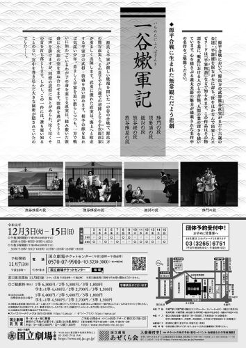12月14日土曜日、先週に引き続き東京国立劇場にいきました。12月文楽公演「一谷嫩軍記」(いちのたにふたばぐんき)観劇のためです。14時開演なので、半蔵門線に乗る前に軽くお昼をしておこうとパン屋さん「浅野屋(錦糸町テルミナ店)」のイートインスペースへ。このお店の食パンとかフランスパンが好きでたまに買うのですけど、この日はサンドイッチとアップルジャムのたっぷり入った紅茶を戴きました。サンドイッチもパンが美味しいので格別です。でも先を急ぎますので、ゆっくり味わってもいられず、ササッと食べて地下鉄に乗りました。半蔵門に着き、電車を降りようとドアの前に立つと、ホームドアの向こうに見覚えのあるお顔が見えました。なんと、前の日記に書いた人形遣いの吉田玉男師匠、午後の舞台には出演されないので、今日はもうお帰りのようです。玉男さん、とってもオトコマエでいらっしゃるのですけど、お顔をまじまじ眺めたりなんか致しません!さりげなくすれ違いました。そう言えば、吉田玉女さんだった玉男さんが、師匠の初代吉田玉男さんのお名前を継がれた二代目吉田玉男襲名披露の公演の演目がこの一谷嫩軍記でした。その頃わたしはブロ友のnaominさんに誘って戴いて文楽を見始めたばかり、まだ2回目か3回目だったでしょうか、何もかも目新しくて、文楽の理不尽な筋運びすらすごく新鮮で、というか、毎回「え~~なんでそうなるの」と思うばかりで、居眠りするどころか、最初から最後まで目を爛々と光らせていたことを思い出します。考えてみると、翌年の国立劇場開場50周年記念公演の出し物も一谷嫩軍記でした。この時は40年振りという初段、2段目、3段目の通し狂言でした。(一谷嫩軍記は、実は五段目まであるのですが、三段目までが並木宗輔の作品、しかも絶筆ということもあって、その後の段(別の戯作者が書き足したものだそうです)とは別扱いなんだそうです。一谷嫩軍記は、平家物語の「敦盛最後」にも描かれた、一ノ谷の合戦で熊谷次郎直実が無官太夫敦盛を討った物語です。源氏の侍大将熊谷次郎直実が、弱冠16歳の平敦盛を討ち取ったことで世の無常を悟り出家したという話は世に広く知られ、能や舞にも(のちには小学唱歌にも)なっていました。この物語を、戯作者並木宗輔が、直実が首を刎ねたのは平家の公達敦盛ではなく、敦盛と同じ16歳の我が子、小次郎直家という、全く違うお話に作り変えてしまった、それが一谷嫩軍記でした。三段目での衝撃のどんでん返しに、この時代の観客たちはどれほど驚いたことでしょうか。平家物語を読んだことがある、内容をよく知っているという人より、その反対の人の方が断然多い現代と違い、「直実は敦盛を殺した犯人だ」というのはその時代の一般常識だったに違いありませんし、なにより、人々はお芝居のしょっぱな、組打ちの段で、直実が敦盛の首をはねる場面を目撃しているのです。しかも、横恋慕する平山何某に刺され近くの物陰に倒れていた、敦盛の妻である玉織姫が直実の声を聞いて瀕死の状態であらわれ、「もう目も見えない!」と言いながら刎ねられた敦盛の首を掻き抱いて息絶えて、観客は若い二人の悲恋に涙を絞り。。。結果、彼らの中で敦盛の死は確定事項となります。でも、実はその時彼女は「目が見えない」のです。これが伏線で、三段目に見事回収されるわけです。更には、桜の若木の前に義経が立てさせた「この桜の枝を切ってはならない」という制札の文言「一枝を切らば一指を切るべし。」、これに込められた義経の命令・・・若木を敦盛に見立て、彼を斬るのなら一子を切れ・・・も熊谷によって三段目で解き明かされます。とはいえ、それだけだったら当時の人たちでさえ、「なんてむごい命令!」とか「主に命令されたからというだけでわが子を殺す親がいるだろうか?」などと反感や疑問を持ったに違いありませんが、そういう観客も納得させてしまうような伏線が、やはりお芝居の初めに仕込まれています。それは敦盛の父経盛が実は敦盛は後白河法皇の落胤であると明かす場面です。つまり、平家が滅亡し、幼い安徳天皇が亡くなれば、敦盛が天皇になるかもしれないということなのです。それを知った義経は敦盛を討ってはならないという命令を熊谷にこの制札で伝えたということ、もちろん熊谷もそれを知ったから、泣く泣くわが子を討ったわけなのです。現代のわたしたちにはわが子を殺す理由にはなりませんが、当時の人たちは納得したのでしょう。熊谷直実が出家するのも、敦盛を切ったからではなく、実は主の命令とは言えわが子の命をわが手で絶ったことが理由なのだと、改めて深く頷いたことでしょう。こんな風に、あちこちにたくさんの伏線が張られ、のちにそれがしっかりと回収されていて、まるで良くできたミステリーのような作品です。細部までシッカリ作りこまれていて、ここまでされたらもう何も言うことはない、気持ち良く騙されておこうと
--
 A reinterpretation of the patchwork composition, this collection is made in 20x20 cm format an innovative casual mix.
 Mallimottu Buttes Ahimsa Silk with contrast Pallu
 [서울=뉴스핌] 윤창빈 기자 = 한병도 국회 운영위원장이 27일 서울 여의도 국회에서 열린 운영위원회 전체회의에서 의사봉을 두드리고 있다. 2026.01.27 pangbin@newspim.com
---
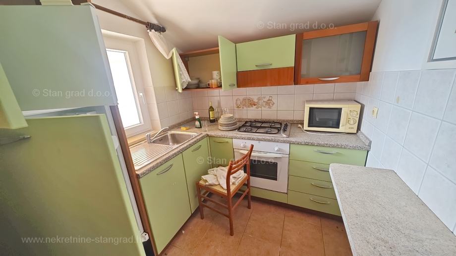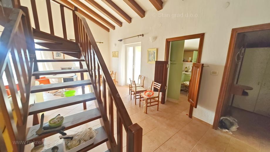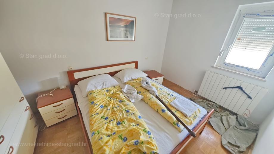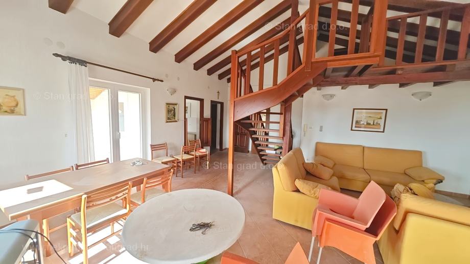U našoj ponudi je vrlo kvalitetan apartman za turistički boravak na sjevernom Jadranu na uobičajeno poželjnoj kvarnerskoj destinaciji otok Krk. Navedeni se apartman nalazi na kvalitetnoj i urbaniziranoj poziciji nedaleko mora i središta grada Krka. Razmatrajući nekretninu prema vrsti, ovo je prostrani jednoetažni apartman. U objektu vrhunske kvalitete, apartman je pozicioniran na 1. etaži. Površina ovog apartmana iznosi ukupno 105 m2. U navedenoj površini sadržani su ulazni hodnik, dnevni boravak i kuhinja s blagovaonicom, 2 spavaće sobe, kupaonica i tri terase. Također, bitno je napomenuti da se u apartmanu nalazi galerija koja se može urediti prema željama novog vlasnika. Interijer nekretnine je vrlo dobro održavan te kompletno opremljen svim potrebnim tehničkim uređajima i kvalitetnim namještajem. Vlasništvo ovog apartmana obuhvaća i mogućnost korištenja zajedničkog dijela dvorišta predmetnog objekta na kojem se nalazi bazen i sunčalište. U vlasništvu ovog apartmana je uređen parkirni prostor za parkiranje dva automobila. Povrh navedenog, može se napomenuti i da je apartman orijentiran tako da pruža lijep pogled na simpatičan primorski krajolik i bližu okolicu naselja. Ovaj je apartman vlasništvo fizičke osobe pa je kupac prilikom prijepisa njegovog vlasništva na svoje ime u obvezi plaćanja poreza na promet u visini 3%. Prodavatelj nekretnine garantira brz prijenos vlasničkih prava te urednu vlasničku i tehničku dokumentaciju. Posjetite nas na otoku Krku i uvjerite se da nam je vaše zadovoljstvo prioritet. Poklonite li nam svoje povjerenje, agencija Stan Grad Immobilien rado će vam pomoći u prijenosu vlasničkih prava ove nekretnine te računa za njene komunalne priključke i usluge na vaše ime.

▸ **Work request**
Output only an exact transcription of the lines above from the one with "Mallimottu Buttes Ahimsa" up to and including the one with "[서울=뉴스핌] 윤창빈 기자".

▸ **Solution for this task**
 Mallimottu Buttes Ahimsa Silk with contrast Pallu
 [서울=뉴스핌] 윤창빈 기자 = 한병도 국회 운영위원장이 27일 서울 여의도 국회에서 열린 운영위원회 전체회의에서 의사봉을 두드리고 있다. 2026.01.27 pangbin@newspim.com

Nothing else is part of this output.